Ingredients
- 1 3/4 cups (385g) caster sugar
- 4 peaches, peeled, stoned, each cut into 6 wedges
- 250g unsalted butter, softened
- 1 teaspoon vanilla extract
- 1 1/2 cups (225g) plain flour
- 3 teaspoons baking powder
- 1/2 cup (60g) ground almonds
- 6 eggs
Directions
- Preheat oven to 170°C.
- Grease and line base of a 24cm springform tin with baking paper. Place 3/4 cup sugar and 1/2 cup water in a small, heavy-based saucepan. Stir over medium heat until sugar dissolves. Bring to the boil. Simmer until a dark caramel forms. Immediately pour caramel into base of tin, then top with peach wedges, skin-side down.
- Place butter, vanilla and remaining 1 cup sugar in the bowl of an electric mixer.

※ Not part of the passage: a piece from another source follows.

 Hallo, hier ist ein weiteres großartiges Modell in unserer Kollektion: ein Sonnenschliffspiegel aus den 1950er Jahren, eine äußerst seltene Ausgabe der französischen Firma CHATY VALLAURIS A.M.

Beat until light and fluffy.
- Sift flour, baking powder, ground almonds and 1/2 teaspoon salt over butter mixture.
- Add all eggs then beat on low speed until mixture is smooth and just combined.

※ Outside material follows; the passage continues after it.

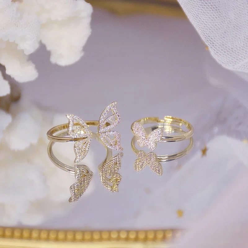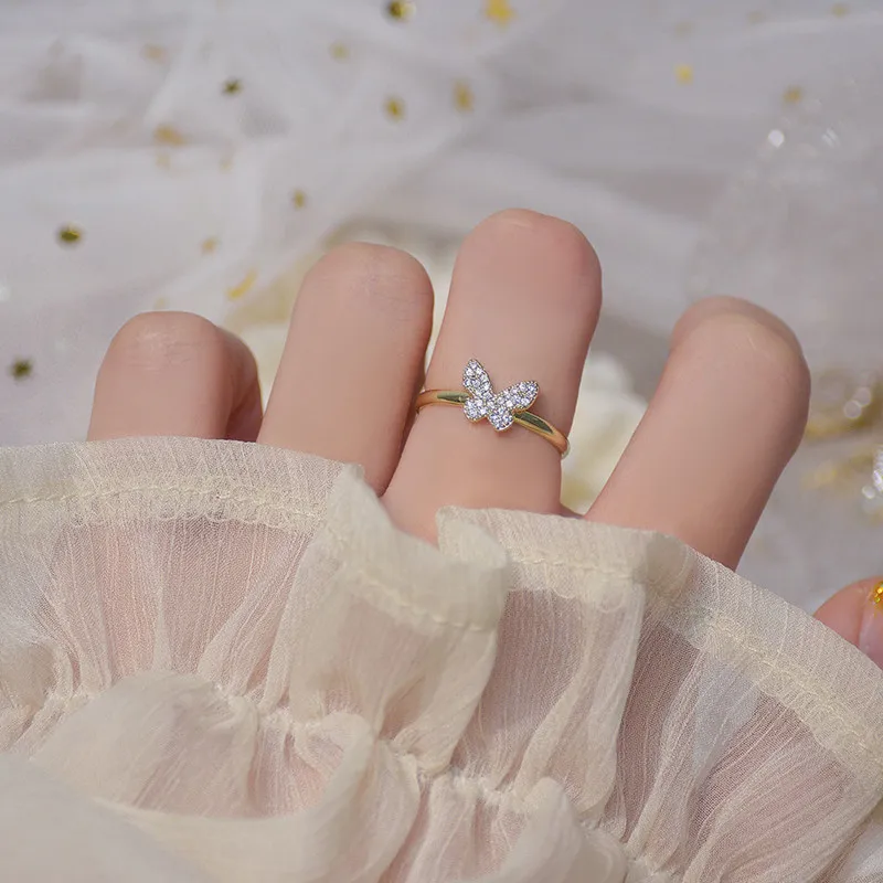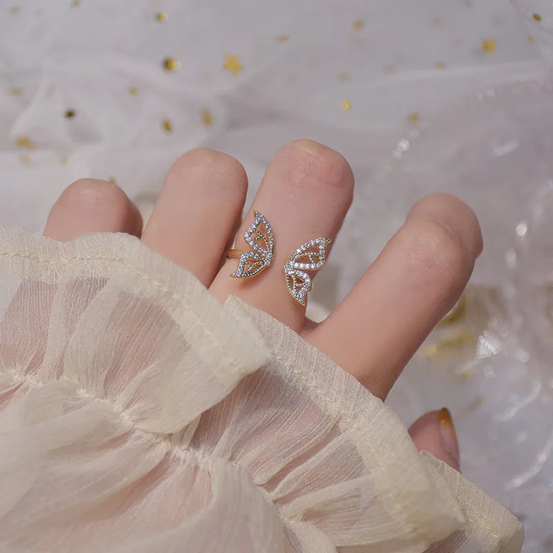 Embrace your unique fashion sense with this exquisite butterfly ring. Its sparkling design and adjustable fit make it a must-have for any sophisticated woman's jewelry collection. Feel confident and elegant, whether you're out for a special occasion or simply want to add a little sparkle to your everyday look. With its trendy and feminine aesthetic, this ring will quickly become your go-to accessory, enhancing your style and mood every time you wear it. Make it yours today and enjoy a piece that truly captures your personality and flair.

- Spoon batter over peaches then level.
- Bake for 30 minutes. Cover top with baking paper to prevent over-browning, then bake for a further 45 minutes or until a skewer inserted into the centre comes out clean.
- Stand in tin for 10 minutes.
- Release side of pan then place a plate over top. Invert cake on to plate. Remove base and paper.